::: Task input

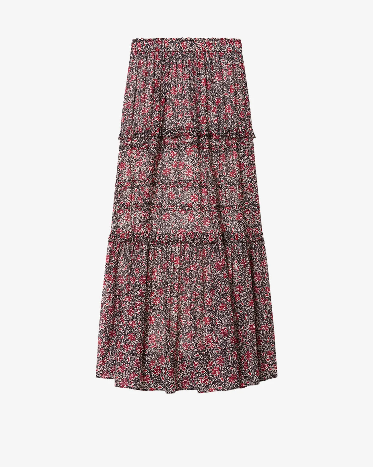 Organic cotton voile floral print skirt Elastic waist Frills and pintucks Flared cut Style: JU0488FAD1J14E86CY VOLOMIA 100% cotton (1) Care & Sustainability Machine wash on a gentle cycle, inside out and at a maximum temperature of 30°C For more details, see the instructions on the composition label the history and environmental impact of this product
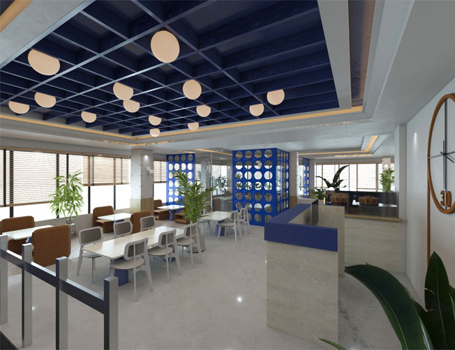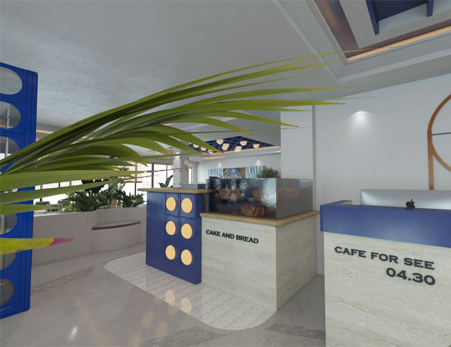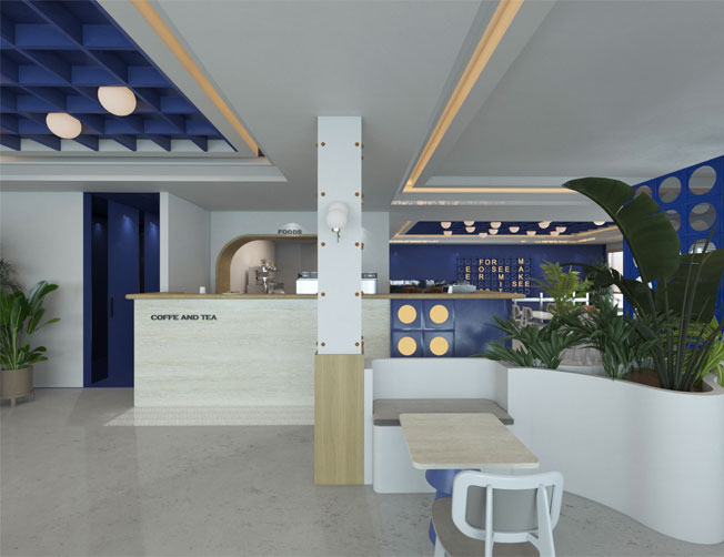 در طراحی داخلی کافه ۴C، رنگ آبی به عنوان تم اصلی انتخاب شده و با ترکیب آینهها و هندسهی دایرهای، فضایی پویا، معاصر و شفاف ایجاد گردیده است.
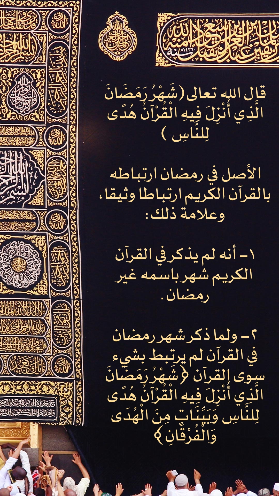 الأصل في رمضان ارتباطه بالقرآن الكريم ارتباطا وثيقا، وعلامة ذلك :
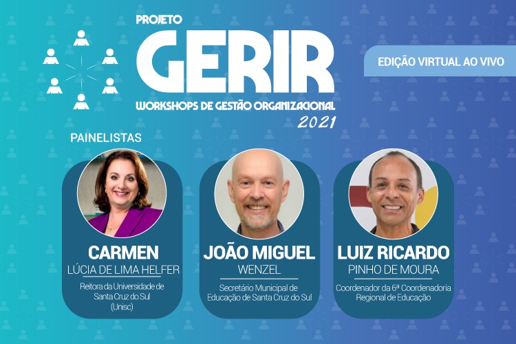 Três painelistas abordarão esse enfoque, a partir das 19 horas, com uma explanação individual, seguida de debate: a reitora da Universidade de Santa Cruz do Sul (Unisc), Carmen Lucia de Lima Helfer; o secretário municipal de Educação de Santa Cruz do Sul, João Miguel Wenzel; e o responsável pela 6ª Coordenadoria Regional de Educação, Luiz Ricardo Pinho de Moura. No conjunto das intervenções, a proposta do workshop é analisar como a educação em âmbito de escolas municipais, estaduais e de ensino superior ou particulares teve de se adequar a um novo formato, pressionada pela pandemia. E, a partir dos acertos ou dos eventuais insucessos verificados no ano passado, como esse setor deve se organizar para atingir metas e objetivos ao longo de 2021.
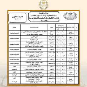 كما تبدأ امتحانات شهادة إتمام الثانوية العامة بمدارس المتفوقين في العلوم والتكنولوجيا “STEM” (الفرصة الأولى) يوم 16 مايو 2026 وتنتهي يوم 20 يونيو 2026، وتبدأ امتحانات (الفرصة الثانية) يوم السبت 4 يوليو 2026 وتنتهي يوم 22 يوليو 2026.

::::::

Required action: Copy the records exactly. Skip the pictures.

Task result:
 Organic cotton voile floral print skirt Elastic waist Frills and pintucks Flared cut Style: JU0488FAD1J14E86CY VOLOMIA 100% cotton (1) Care & Sustainability Machine wash on a gentle cycle, inside out and at a maximum temperature of 30°C For more details, see the instructions on the composition label the history and environmental impact of this product
 در طراحی داخلی کافه ۴C، رنگ آبی به عنوان تم اصلی انتخاب شده و با ترکیب آینهها و هندسهی دایرهای، فضایی پویا، معاصر و شفاف ایجاد گردیده است.
 الأصل في رمضان ارتباطه بالقرآن الكريم ارتباطا وثيقا، وعلامة ذلك :
 Três painelistas abordarão esse enfoque, a partir das 19 horas, com uma explanação individual, seguida de debate: a reitora da Universidade de Santa Cruz do Sul (Unisc), Carmen Lucia de Lima Helfer; o secretário municipal de Educação de Santa Cruz do Sul, João Miguel Wenzel; e o responsável pela 6ª Coordenadoria Regional de Educação, Luiz Ricardo Pinho de Moura. No conjunto das intervenções, a proposta do workshop é analisar como a educação em âmbito de escolas municipais, estaduais e de ensino superior ou particulares teve de se adequar a um novo formato, pressionada pela pandemia. E, a partir dos acertos ou dos eventuais insucessos verificados no ano passado, como esse setor deve se organizar para atingir metas e objetivos ao longo de 2021.
 كما تبدأ امتحانات شهادة إتمام الثانوية العامة بمدارس المتفوقين في العلوم والتكنولوجيا “STEM” (الفرصة الأولى) يوم 16 مايو 2026 وتنتهي يوم 20 يونيو 2026، وتبدأ امتحانات (الفرصة الثانية) يوم السبت 4 يوليو 2026 وتنتهي يوم 22 يوليو 2026.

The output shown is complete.